Türkiye’de hukuk devletinin çöküşü hiç şüphesiz önce Kıbrıslı Türkler için bir felaket yaratır! Oraya bağımlı çünkü. Ardından Kıbrıslı Rumlar için de bir kâbusa dönüşmesi kaçınılmaz!

Sarı Öküz” olan Kıbrıslı Türklerin verilmesiyle kalmayacaktır bu iş! Aslanın o ilk sarı öküzü aldıktan sonra sırayla yavaş yavaş sürünün geri kalanını da aldığı gibi burada da benzer şekilde yaşanacaktır.

İşte bu yüzdendir ki, topyekûn bir mücadeleye, dayanışmaya ihtiyaç var. Kıbrıslı ve Türkiyeli demokrasi, barış hukuk, adalet, özgürlük savunucularının güç birliğine ihtiyaç var.

Böyle bir mücadele Kıbrıslı Türkler için yaşamsaldır.

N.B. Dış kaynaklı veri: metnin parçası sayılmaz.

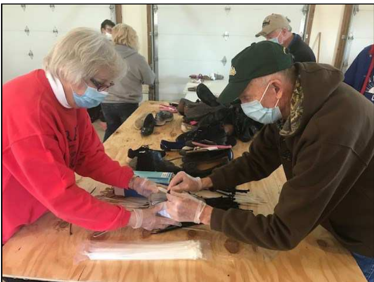
Tracy Lions Club collected and put together over 900 pairs of shoe for Soles4Soles.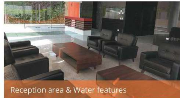
Reception area & Water features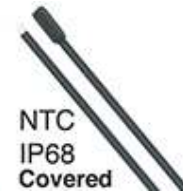
NTC IP68 Covered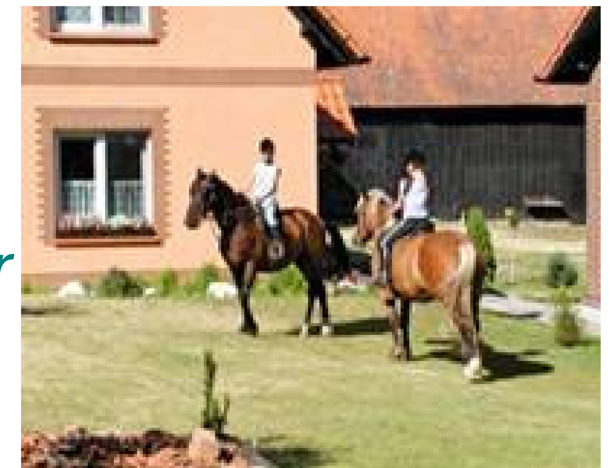
Agritourism farm in Wilimy II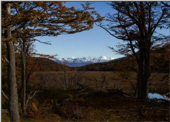
The Zarategui Bay with the Evergreen Forest ecosystem.

Tierra del Fuego National Park (Half day). A beautiful landscape where the Patagonian Fueguino Andean forest in contact with the sea of the Beagle Channel. The panoramic points of the different ecosystems, to capture photos and understand their inhabitants.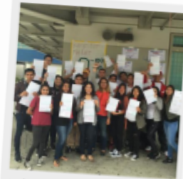
Students at Torrey High who registered to vote (Twitter @LATandVote)

One of the most depressing statistics of the Los Angeles primary elections in March was that only roughly 10 percent of registered voters participated.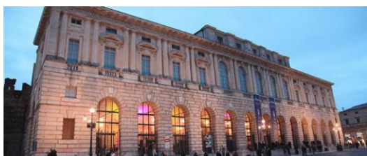
Palazzo Gran Guardia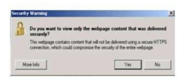
Fig. 2 Pop-up Security Message

NOTE: A blank USB flash drive must be used to download the software. Only one software update can be used on one USB flash drive.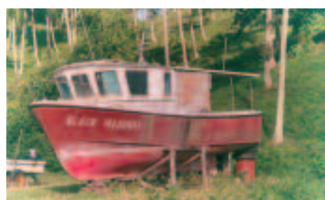
Papua New Guinea. The Black Madonna could do with a total overhaul...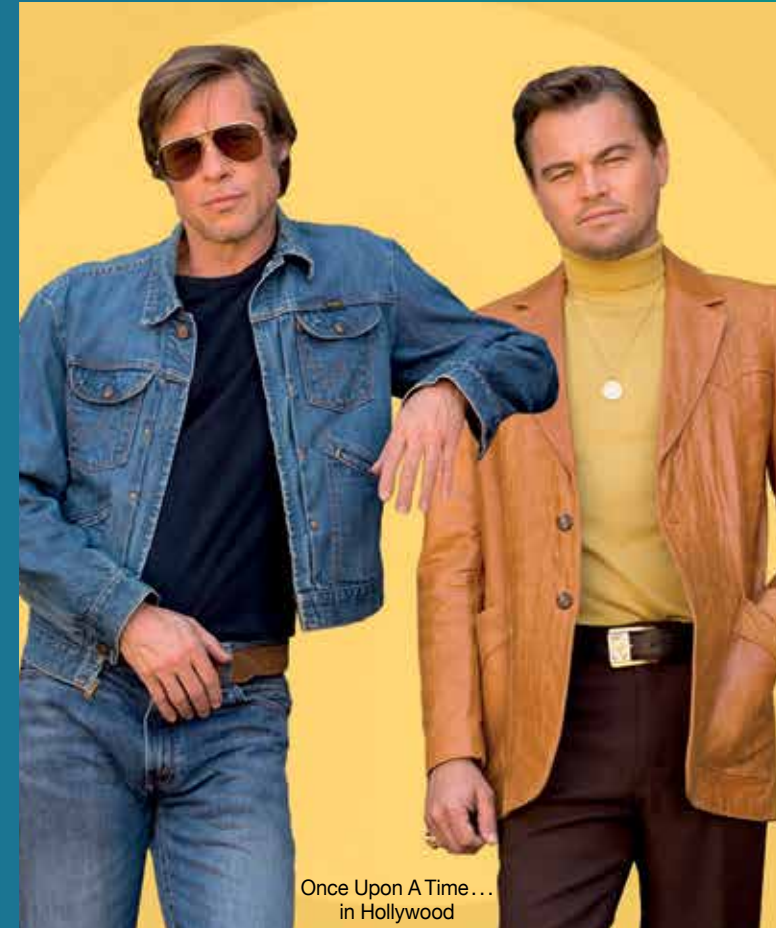
Once Upon A Time... in Hollywood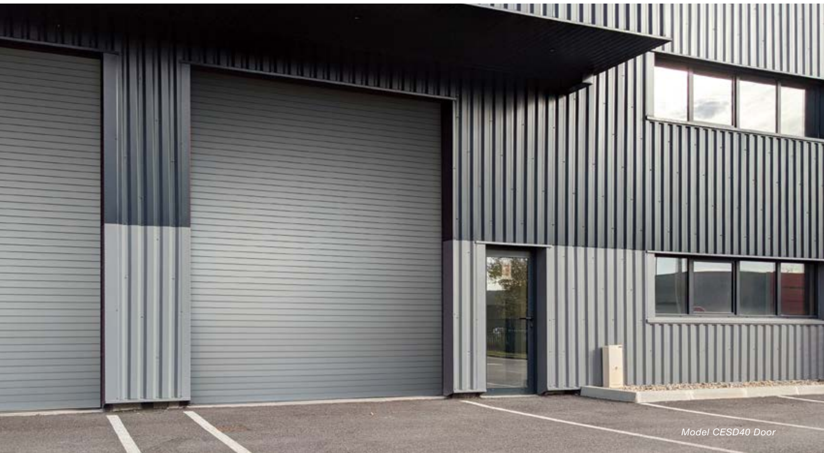
Model CESD40 Door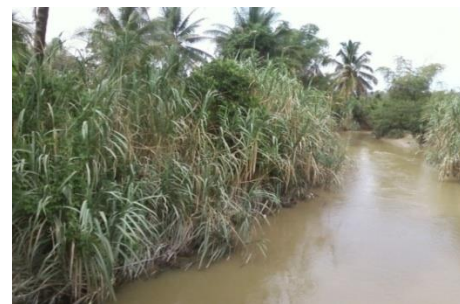
(b) Tibarau/wild sugarcane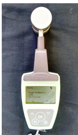
Dualox Scientific sensor used for Leaf chlorophyll, flavonoids, Nitrogen balance index and anthocyanin measurement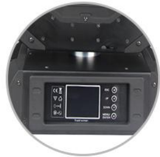
2.2-inch color touch LCD display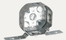
4" Octagon / V Bracket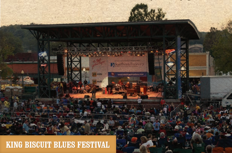
KING BISCUIT BLUES FESTIVAL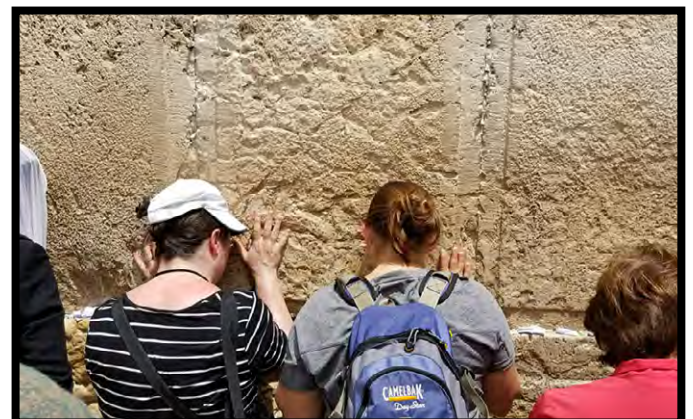
Praying at the Western (Wailing) Wall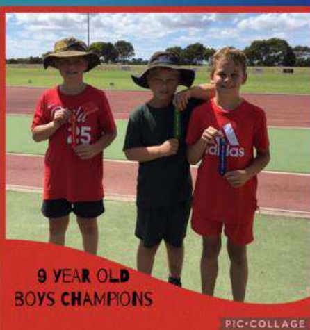
9 YEAR OLD BOYS CHAMPIONS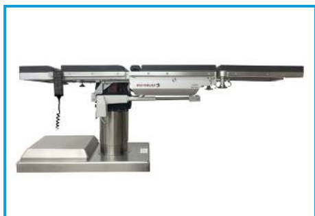
▫ Lower Body Imaging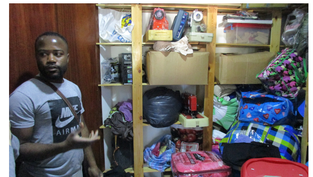
Local CEI coordinator in Agadir, Morocco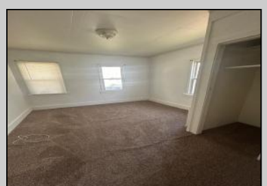
216-218 London Egg Harbor City, NJ 08215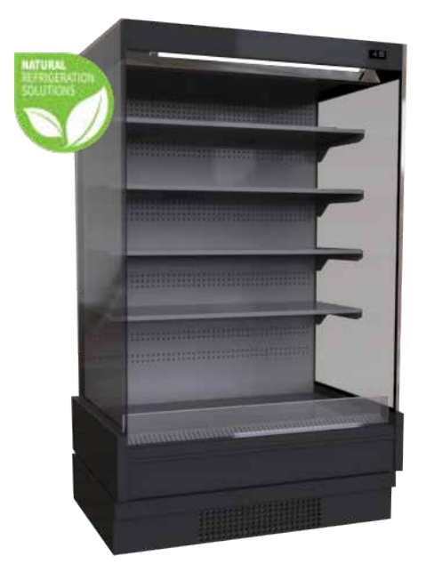
SELF CONTAINED UPRIGHT CHILLER CABINET H1T-10/14/19/26*

EXTERNAL DIMENSIONS: W1040/1350/1980/2600 x D860 x H2090mm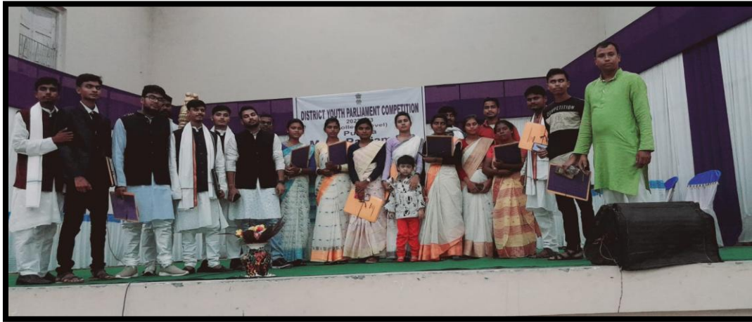
Fig 5: Students taking part in district level Youth Parliament competition (2022-2023).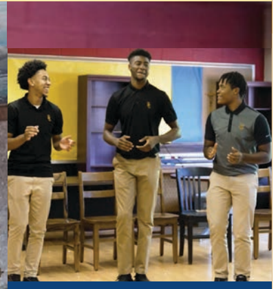
PASSING ON THE FAITH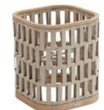
206492 Flower Basket Size: 530x530x620mm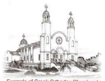
Example of Greek Orthodox Church only

* 5 bucks twice a week instead of that expensive Latte will raise roughly $500,000,000 in 4 short years!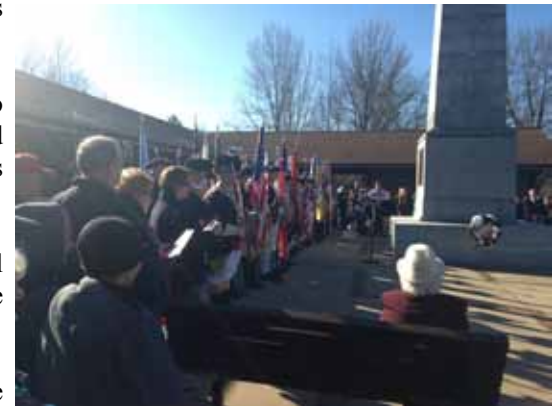
The NSSAR Color Guard at the National Monument

Prior to the placement of the NSSAR wreath by President General Brock, the NSSAR Color Guard formed an arch around the rear of the monument. After the wreath presentation, the Color Guard posed for pictures.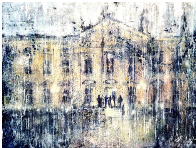
"Progressions and Conciliations, Arrival," Watercolour on Paper, 44 x 58 in. (Available)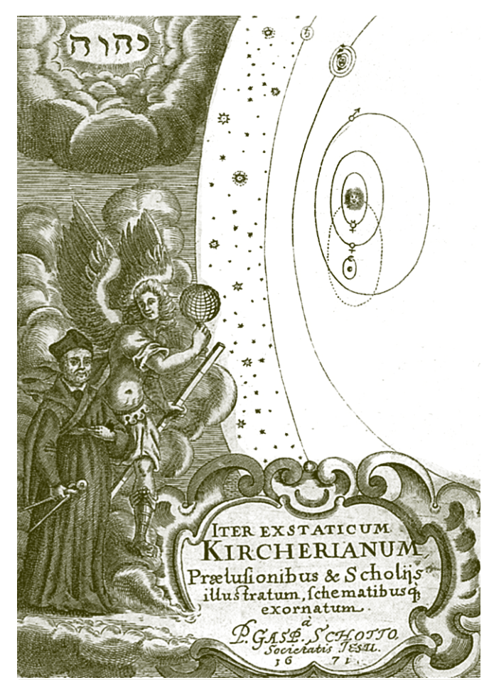
A. Kircher, Iter extaticum (Ed. Caspar Schott), Wurzburg, 1671, Stadtbibliothek Mainz

Thus we may say that aspects indicate the degree of prominence or influence a planet has due to its integration and relationship with other plan-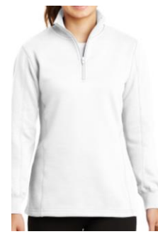
D. Sport-Tek® 1/4-Zip Sweatshirt $38.00 White or navy Mens XS-XXXL Ladies XS-XXL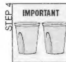
STEP 4 IMPORTANT You must drink two (2) more 16-ounce containers of water over the next 1 hour.

DO NOT drink any liquids three (3) hours prior to your procedure. (No water)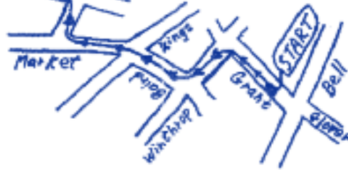
Heroes to Hero 5K Course Map (not to scale)

Buses will transport you to the starting line at the Mt. Ephraim Fire Dept. ALLOW TIME FOR THIS PROCESS... Late Entry & Packet Pick-up CLOSES in Gloucester City at 8:30am! Last bus to start will leave at 8:30am Sharp!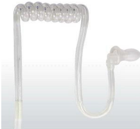
QD Acoustic Tube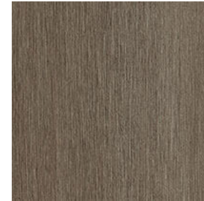
Phantom Cocoa Laminate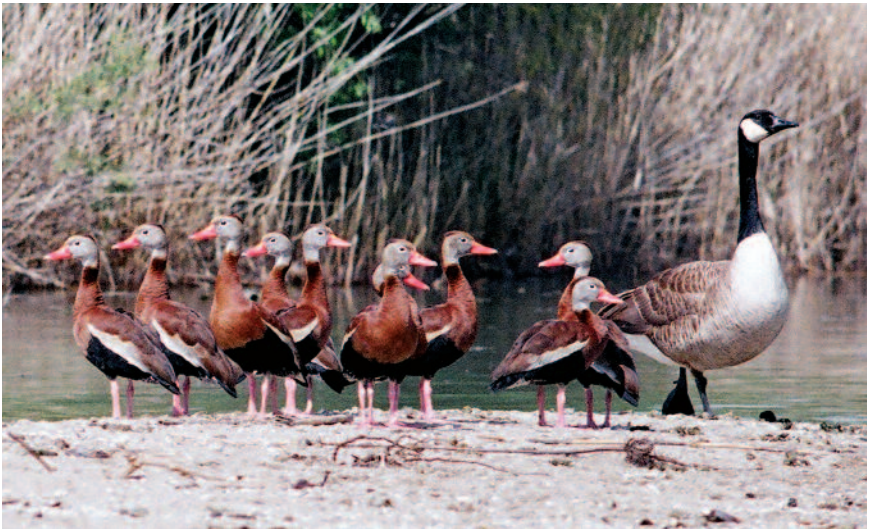
Figure 2. A flock of ten Black-bellied Whistling-Ducks at Windsor (Pêche Island), Essex on 15 May 2010.

Unfortunately these birds were seen after sunset and only in flight, thus a specific identification could not be made.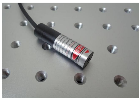
Φ12×45(L) mm 2 , 0.01 kg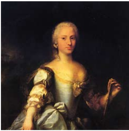
Jacopo Amigoni, Portrait of a Young Woman (the 'debutante') , oil on canvas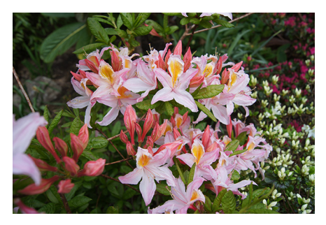
R. 'Irene Koster'.

To grow R. occidentale in UK gardens, humus rich, acid soil with a pH of 6.5 or less is needed and adequate, but not necessarily copious amounts of water for it to thrive. Humidity does appear to be an issue both in cultivation and in the wild; wild growing plants in coastal regions, with higher humidity, are taller than those growing inland where the humidity is lower. R. occidentale will grow in full sun or partial shade but as it is a late flowering species, typically June, extreme heat will cause the flowers to collapse. Planting near water sources such as streams, ditches or ponds will improve the relative humidity near the flowers and extend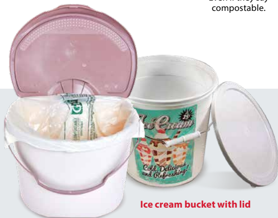
Ice cream bucket with lid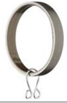
Aluminum Ring HDW20460-11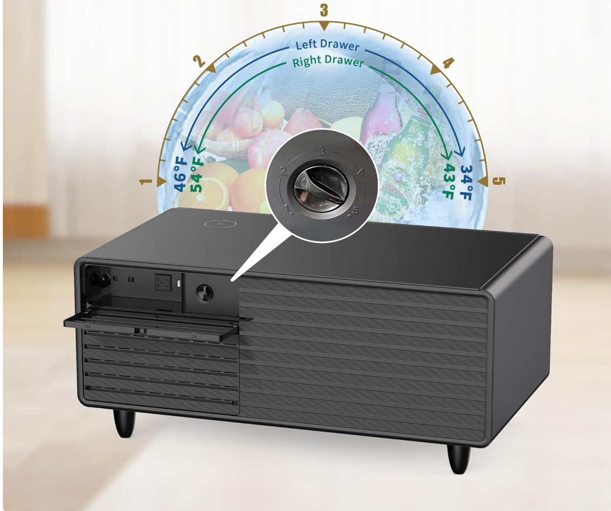
Image 4.2: Close-up of the 5-level temperature control knob on the side of the smart coffee table. This knob allows users to adjust the cooling intensity for the refrigerated drawers.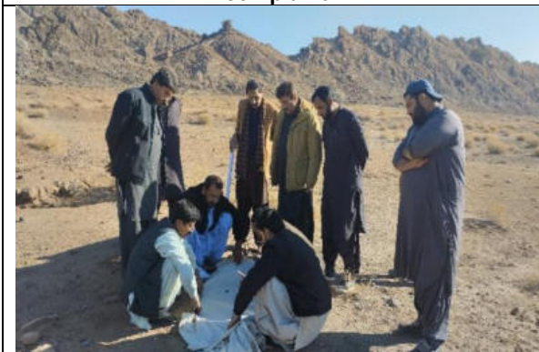
Land Ownership survey of CAD Component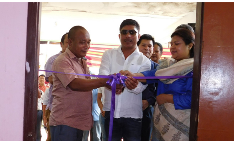
Meghalaya Sericulture and Weaving Minister Zenith Sangma inaugurating the Common Facility Centre cum Handloom Production Unit at Zikzak C and R D Block on April 15, 2016.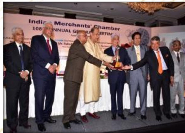
SHRI. AZIM PREMJI Chairman Wipro Limited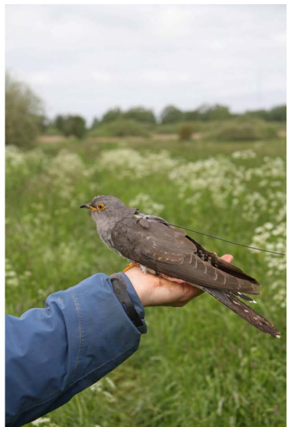
Common cuckoo with satellite tag.

One of the key issues in conservation today is how you measure the success of any initiative, or management plan, or reserved area, or piece of legislation. Clearly we can't do conservation with the proper controls (or counterfactuals to use the buzzword) – we won't be advising setting up a network of reserves in one flyway and not another so we can demonstrate that reserve networks are an effective conservation strategy. We have to rely on "natural" variation in the application of conservation measures that vary within and between countries at all scales. However, on a flyway level, we can't even do this. Nothing that is done in one area is independent from another because the animals we seek to conserve move over continental scales. And this is made worse by the fact that our realistic capacity for success is decreasing every day. If there are 7 billion people on the planet then clearly there cannot be as many other animals, and as this human population increases so there can only be less space and energy available for other species. So we cannot ever hope to restore populations to arbitrary levels set when conservationists started properly counting a few decades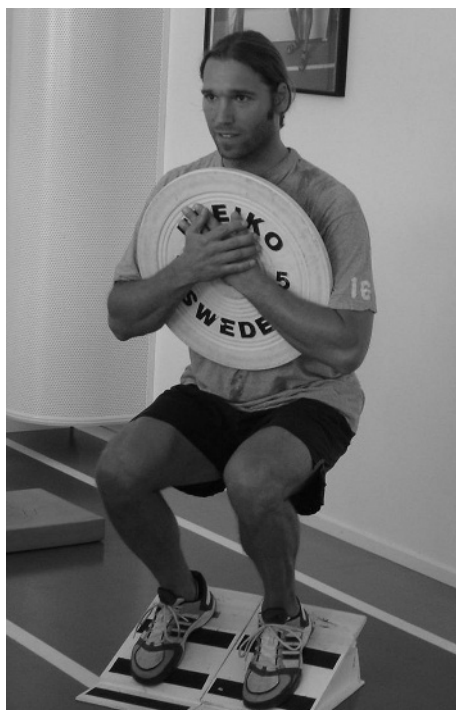
Figure 3 One-legged squat training on a decline board (group II). Informed consent was obtained for publication of this figure.

Kıbrıslı Rumlar için de yaşamsaldır. Adanın toprak bütünlüğü için yaşamsaldır. Demokrasi, hukuk adalet ve barış için yaşamsaldır.

Çünkü demokrasi, hukuk, adalet ve barış herkesin hakkıdır.

Atatürk’ün Gençliğe Hitabesi geliyor sürekli aklıma. Tamam da böyle günleri işaret ediyor. Mustafa Kemal o günlerden bu günleri nasıl da öngörebilmiş!

Türkiye insanı, gençliği sokaklarda. Sadece Türkiye’de değil, yaşadıkları dünyanın her köşesinde sokaklardadırlar.

Nelson Mandela’nın söylediğini hatırlayalım: “Cesaret, korkunun yokluğu değil; korkuya rağmen harekete geçme yeteneğidir

Haydi biz de hem de hep birlikte topyekûn.

Sarı Öküz,” Kıbrıslı Türkler de kırsın artık bu mandıranın kapılarını. Kıbrıslı Rumlar da kuma gömdükleri o başlarını kumdan çıkarıp gerçeği görsünler artık! Türkiye aydınları, demokrasi savunucuları, hade!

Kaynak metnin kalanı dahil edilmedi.